Thursday, October 24, 2013

Lessons Learned from Lydibug Day 24

The more and more I thought about what happened yesterday, I couldn't help but see that it was a blessing in disguise.  While the words hurt and sting, I know my daughter is worth more and I know that I don't have to prove that to anyone.  It is almost like a hurdle that I had to climb over to get to a better spot.  I know that I will never be able to change every one's mind, but I would ask that everyone at least give people with DS (or any disability for that matter) a chance before judging.

However, I think when something bad has been done to you the feeling is horrible.  But if you take a look back and reflect things are not always as they appear.  I have been asking how many times in my life have I done something like that?  How many times have I said something before knowing the whole situation?  How do I treat other people?  What else is happening in my life that is not God honoring?

I believe that when you can get to a place in your life like this, when someone has done something mean to you and you can ask yourself what can I learn from this; I believe that you are growing and the Holy Spirit is working in and through you.  I know that there are so many nasty things in my life that I must take care of before I start looking at other people.  I have an awareness of how my feelings and actions affect others and it hurts me when I hurt others.

God is always using obstacles in our lives to teach us and grow us.  We miss out on these opportunities because we are consumed with ourselves, feeling sorry for us, or trying to place blame on someone else because it is easier than looking inside ourselves.  We are our own worst stumbling block in this manner.  We miss out on blessing after blessing because we feel we know better.

Yesterday as I was sitting on the couch, Lydia was playing with my hair.  She was stroking her fingers through each strand of hair.  At one point, she decided that she would not be gentle anymore.  I said ouch and told her to be gentle and nice.  Her bottom lip immediately came out and she felt bad.  She hugged me and said sorry.  It hurts her to see others hurt. 
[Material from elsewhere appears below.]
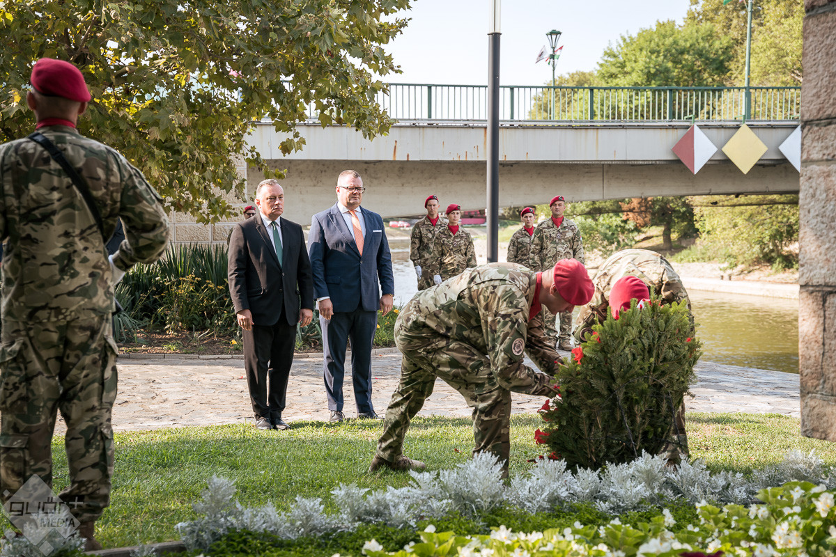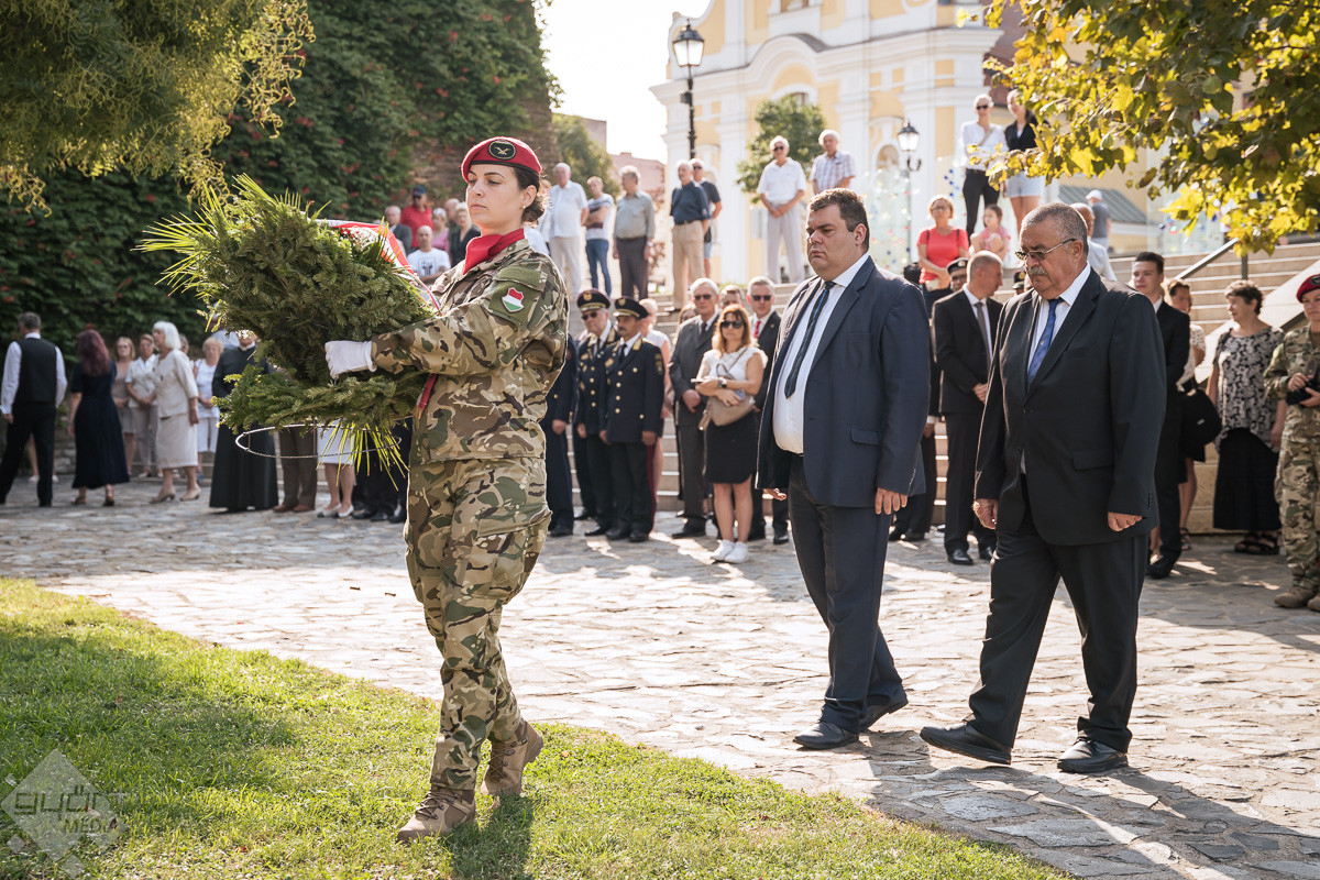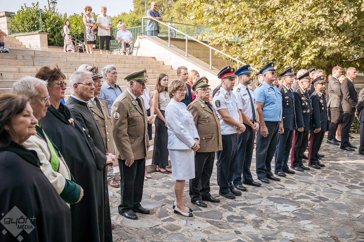 Az ünnepi műsorban közreműködött Kóródi-Kovács Anna, aki egy Szent István-dalt adott elő, majd a városi és hivatásos szervezetek elhelyezték Szent István emlékmű talapzatához a koszorúikat. Győr Megyei Jogú Város, a Magyar Honvédség Dánielffy Tibor 205. Légvédelmi Rakétaezred, a Győr-Moson-Sopron Vármegyei Rendőr-főkapitányság és a Győri Rendőrkapitányság, a Szent László Határőr Hagyományőrző Egyesület és a Történelmi Vitézi Rend Területi Székkapitányság, az 1956-os Magyar Nemzetőrség, a Szent Lázár Lovagrend, a Magyar Nemzetőrség Győr-Moson-Sopron megyei Török István Szövetség, a Magyar Politikai Foglyok Szervezete és a Vitézi Rend Győr-Moson-Sopron Vármegyei Kapitányság, a Fidesz győri szervezetei, a Magyar Szocialista Párt Győr és környéke, a Fidelitas Győr, az Összefogás Győrért Egyesület, a Széchenyi István Egyetem, valamint a Győri Tankerületi Központ képviselői tisztelegtek koszorúikkal.

She did the same thing with her sister.  Her sister fell and hurt her knee and was crying.  Lydia stopped what she was doing and walked across the room to hug her and pat her on the back.  It did not matter what she was doing, she heard someone was in distress and she wanted to be there to comfort.  She wanted to be there to help out.  What an amazing thing to witness! 

I realize this way of thinking is not very popular.  Yelling, punching, screaming, saying hurtful things usually are our first reactions.  However, if we give into these things we are no better than the person who did it to us first.  The hard thing is to take the high road and walk away and pray for that person.  We are to love our enemies too!

While I am far from being perfect, God is working on me.  He is constantly giving me these situations to learn.  When I walked into that store last night (Lydia was not with me), I held my husbands hand and held my head high.  I am stronger because of these words.  I am stronger because of the hurt.  While the sting is there and sometimes catches me off guard, I know that I am strong; I know that my God is bigger than any situation.

Lydia is constantly teaching me how to be a better person.  I need to remember that I too am not always a kind, caring person; nor have I always been nice.  This is my life now and I cannot expect everyone to understand Lydia (or disabilities) the way I do.  I too had an adjustment period, while I always loved her, there is that unsettling feeling and fear of the unknown and differences.  I can ask for a chance from people, but some people are unwilling to give that too.  So I will go confident in the journey that God has given me and continue to question in the difficult situations what I am suppose to learn!

2 comments:

  1. I'm going to be honest, I haven't been able to get your situation from yesterday out of my head. I even brought it up to my husband and said "she took the high road and I'm not sure I could have done it". I admire you for having the class and faith to do that. Those words stung me and I'm sorry that anyone would think that of any life. You have made me see that I need to take the high road no matter how mad I get or no matter how much it hurts. It teaches my children a lesson and it is the right thing to do.

    ReplyDelete
    Replies
    1. Thanks! I was protected though because the lady was walking past and I couldn't have said too much without causing a huge scene. I think it would have been different if I was confronted where she was in my face.
      The words sting and still hurt. I still feel like I am waking up from a nightmare; I don't want anyone to say anything hurtful to my child. However, I am thankful I can learn this lesson early because I fear this may not be the last time. If I realize how to effectively handle this now I can get better and better.
      I did have a lady approach me in WalMart when I was pregnant with Lydia. She did appear to be a nurse. But she asked when I was due and I answered. She said I was too big and there must be something wrong with the baby and it would be better if I would abort. I had my other children there. I simply said that Jesus loves me, my children, this unborn life and He even loves people like you. I walked away and then had to have a lengthy conversation with my other children. But at that point I understood that it can happen and people are very willing to share their opinion, nice or not!
      Our kiddos are a huge blessing and we are blessed to have this experience. It makes me sad that people let fears and bad information get the best of them and they rob themselves of this joy. Hard but so worth it.
      Thanks for sharing. I can't tell you how much your comment meant to me yesterday. I really needed that so thank you so much!
      Morale...I think I will stay away from WalMart! LOL!